Education

Refunding bonds and higher levy rates considered for school bonds

School districts would have additional tools to service bonds authorized under the federal stimulus act and bonds financing health and safety improvements under two bills heard by the Education Committee March 1.

Current law permits school districts to issue bonds for projects addressing environmental hazards, accessibility barriers, life safety violations, indoor air quality, mold abatement, capital projects for qualified zone academies or American Recovery and Reinvestment Act programs for school expansion and repair. After holding a public hearing, school districts can levy up to 5.2 cents per $100 of valuation to service the bonds.

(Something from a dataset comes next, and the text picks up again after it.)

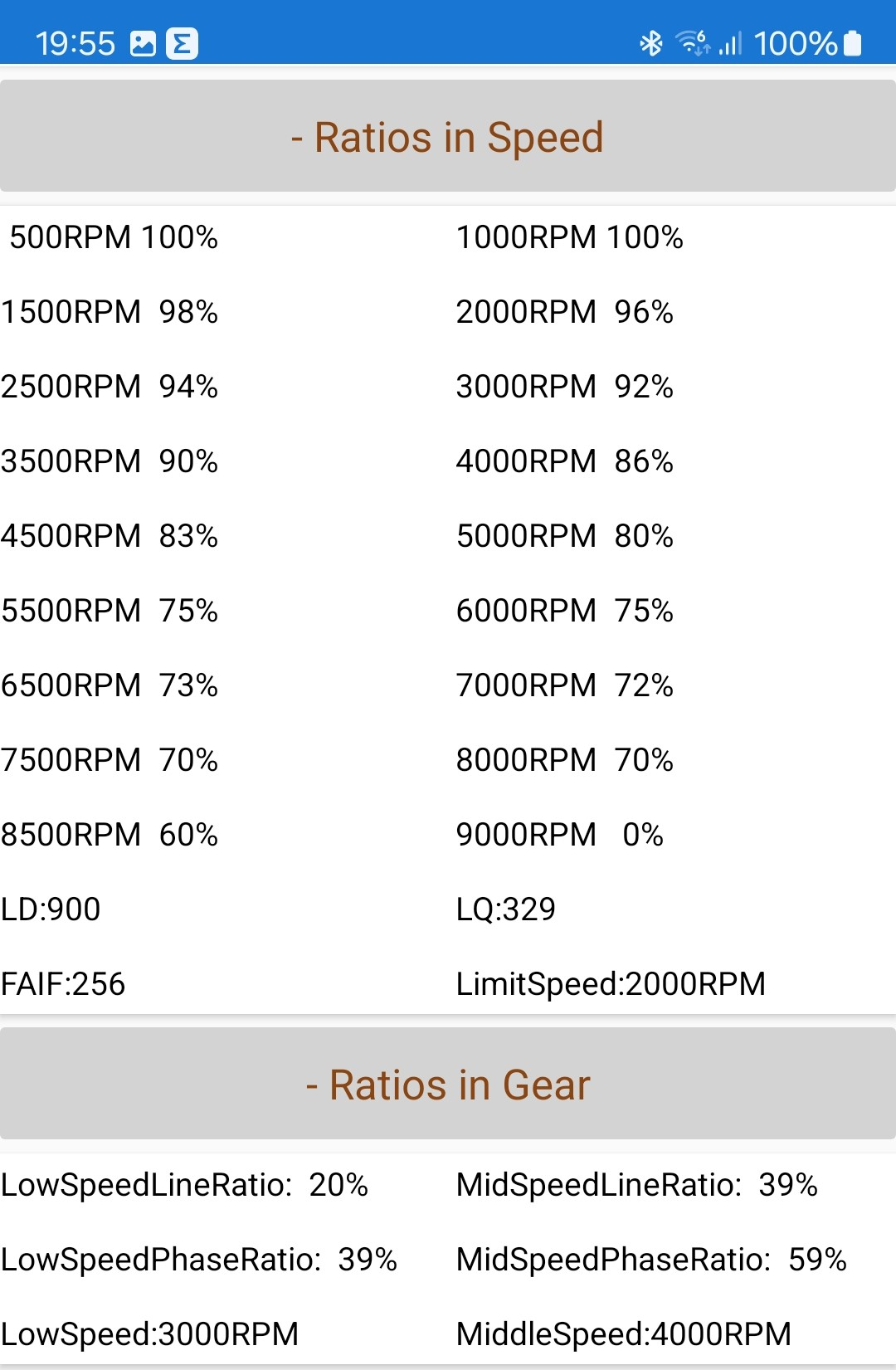 Die Ratios in Speed sind so eingestellt das der Controller bei 30 schon die volle Leistung, welche der eingestellte Batteriestrom zulässt, an den Motor raus gibt. Darüber müßte der Batteriestrom der begrenzende Faktor sein und nicht die eingestellen Werte bei Ratio in Speed.

LB633, introduced by York Sen. Greg Adams, would permit school districts to issue refunding bonds to redeem any part of an outstanding bond authorized under current law at or before the maturity date.

Adams said LB633 would eliminate confusion regarding whether schools are authorized to refund bonds. He also said the bill could help schools capitalize on lower interest rates.

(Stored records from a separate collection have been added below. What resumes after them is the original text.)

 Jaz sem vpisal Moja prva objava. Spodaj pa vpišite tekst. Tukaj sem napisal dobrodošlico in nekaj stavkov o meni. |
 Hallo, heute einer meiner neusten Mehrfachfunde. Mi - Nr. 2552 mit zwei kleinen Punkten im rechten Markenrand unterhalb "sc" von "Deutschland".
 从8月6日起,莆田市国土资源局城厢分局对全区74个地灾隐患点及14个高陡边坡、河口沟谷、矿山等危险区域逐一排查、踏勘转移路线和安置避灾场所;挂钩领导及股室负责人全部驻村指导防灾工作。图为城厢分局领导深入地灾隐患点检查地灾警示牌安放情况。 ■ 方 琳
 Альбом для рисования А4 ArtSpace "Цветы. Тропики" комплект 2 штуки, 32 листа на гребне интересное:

A second bill introduced by Adams, LB634, would allow a school district to exceed the 5.2-cent levy if a district’s current valuation is lower than the year in which bonds were last issued and the current maximum levy cannot service the bonds. The amount generated from the increased levy rate could not exceed the difference between the principal and interest obligations and the sum of the current maximum levy and federal payments or subsidies associated with the bonds.

Bond rating agencies would be inclined to give school bonds higher ratings under LB634, Adams said, adding that the bill would provide a safeguard against valuation decreases.

Representing Ameritas Investment Corp., Scott Keene testified in favor of both bills. In addition to providing easier access to lower interest rates, he said, LB633 would provide a tool to address a possible funding interruption for federally subsidized bonds.

Keene said many bond issuers refuse to buy limited-tax bonds because of nationwide valuation decreases. The additional taxing authority in LB634 would alleviate those concerns, he said.

“LB634 will dramatically improve the creditworthiness of school district financing because it will make those bonds a better credit risk from the bondholder’s perspective, as well as the rating agency’s perspective,” Keene said.

Lauren Wismer of Gilmore & Bell also testified in support of the bills. The closing of a major employer in a small town can greatly affect valuations, he said, which is a concern among bond agencies and can lead to rating downgrades that significantly affect bond interest rates.

Mark Shepard, associate superintendent for business affairs at Lincoln Public Schools, said one of the two rating firms downgraded the district’s bonds due to lack of a revenue safety net. He said one school district that fails to meet its bond obligations could have implications for the rest of the state.

No one testified in opposition to either bill and the committee took no immediate action.